実は、その時まで、ゆかり、いや、ゆかりだけではなく、他の二人の血液型も知らなかった。だが、ここで自分がいたのも何かの縁である。
「輸血に協力するのは、当然のことだ」
と思ったのだ。
「じゃあ、お願いします。まずは、血液の適合検査をしますので、こちらへどうぞ」
と処置室の方に通されたのだ。
久しぶりに、静脈注射を打った。痛かったというよりも、何となく気持ちよかったといった方がいい。腕をまくって、血管を浮かせようと看護婦さんが、指で手を叩いた時、喧噪としたまわりの音が、しばらく消えてしまったかのように感じたからだ。
針が入ってきた時も、一瞬、チクッとしたが、身体が少し熱くなっているのか、血液が抜けて行く時、スーッとする感覚だった。

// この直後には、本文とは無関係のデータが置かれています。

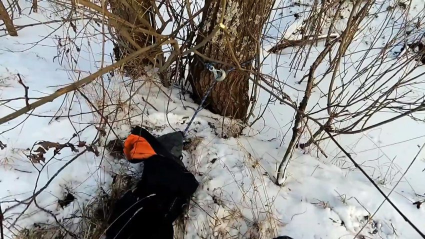 Один конец веревки закрепляем на транспорте, другой – к дереву. Для безопасности на веревку после зацепа к дереву и транспорту наматываем куски брезента или старую верхнюю одежду типа куртки или фуфайки. Это защитит нас, если веревка отцепится или порвется в процессе натяжения.

2,3本抜かれたので、少し、横になっているように言われた。
「緊急手術の方、もうすぐ始まります」
と言われ、少しずつ、頭がボーっとしてきた。
それを見た看護婦が、
「大丈夫ですか? 輸血できそうですか?」
と聞いてくるので、
「ええ、大丈夫です」
と答えた。
そもそも、輸血はおろか、献血すらしたことがない。まあ、まだ高校生なので無理もないことかと思ったが、そういえば、周りの同級生の男の子は、結構、献血に行ったという話をしていたのを思い出した。
最初は、
「二十歳の献血」
というポスターがあったので、それを思い出したのだ。
「あなたの場合は、まだ17歳ですので、採血は200CCまでとなりますので、そのつもりでいてくださいね」
という話をされたが、たぶん、このあたりから、半分意識は朦朧としていた気がする。
ゆかりが緊急手術を受けている間、渡良瀬は、別室で採血された。時間としては、数分だったのだろうが、気が付けば、気持ちがいいと思っているうちに、眠っていたのかも知れない。
気が付けば、喧噪とした雰囲気はなくなっていた。
「ここは、どこなんだ?」
と、目が覚めたが、身体を動かすことができなかった。
意識が戻ってくるうちに、
「そうか、ここは救急病院で、輸血の手伝いをしたんだ」
というところまで意識が戻ってくると、
「そうだ、ゆかりはどうしたんだ?」
と、今まで動かないと思った身体が、いきなり反応して、ビクッとなったかのように、反射的に飛び起きた。